Work order - Write out the listing below in its entirety, minus the pictures, without changing a word.

Dataset section -

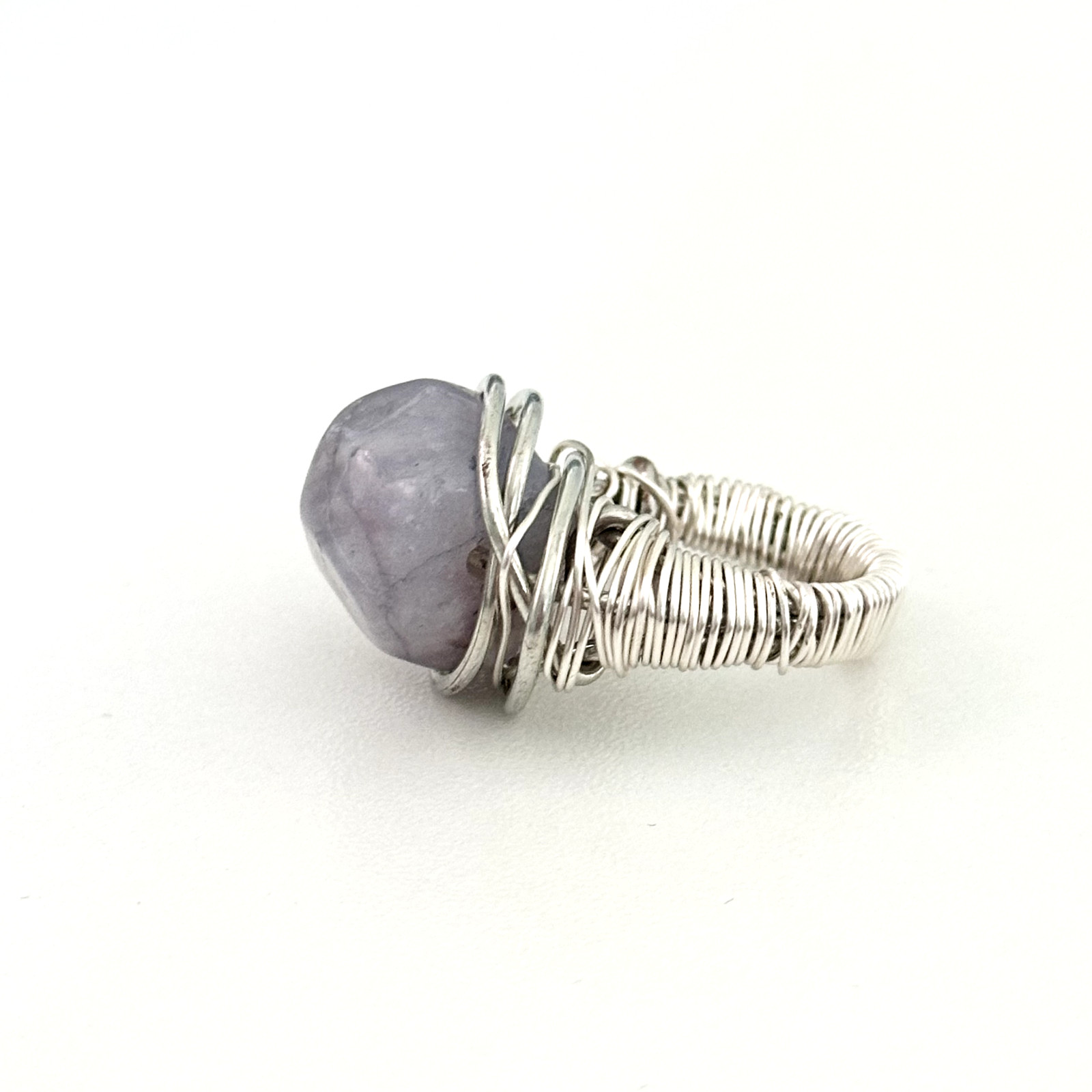 как выглядит Ladies Genuine Amethyst Artisan Wire Wrapped Chunky Silver Tone Ring Size 5 фото
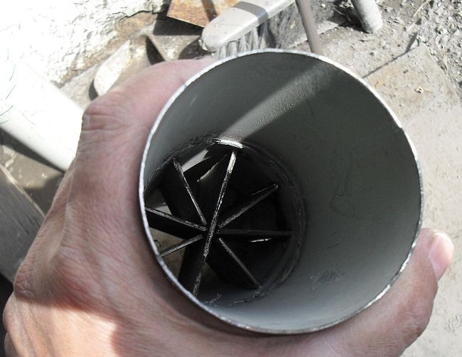 Em seguida, você pode começar a fabricar um trocador de calor. Para fazer isso, você deve usar um tubo de ferro com 8 cm de diâmetro, que não possui paredes muito grossas. Soldamos o bumbum na parede, onde você também precisa fazer um furo.
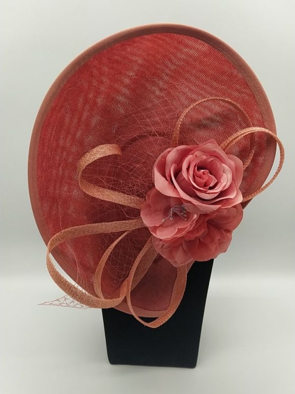 Tocado rosa con flores en el centro . Coc diadema y pinza

Finished task -
 как выглядит Ladies Genuine Amethyst Artisan Wire Wrapped Chunky Silver Tone Ring Size 5 фото
 Em seguida, você pode começar a fabricar um trocador de calor. Para fazer isso, você deve usar um tubo de ferro com 8 cm de diâmetro, que não possui paredes muito grossas. Soldamos o bumbum na parede, onde você também precisa fazer um furo.
 Tocado rosa con flores en el centro . Coc diadema y pinza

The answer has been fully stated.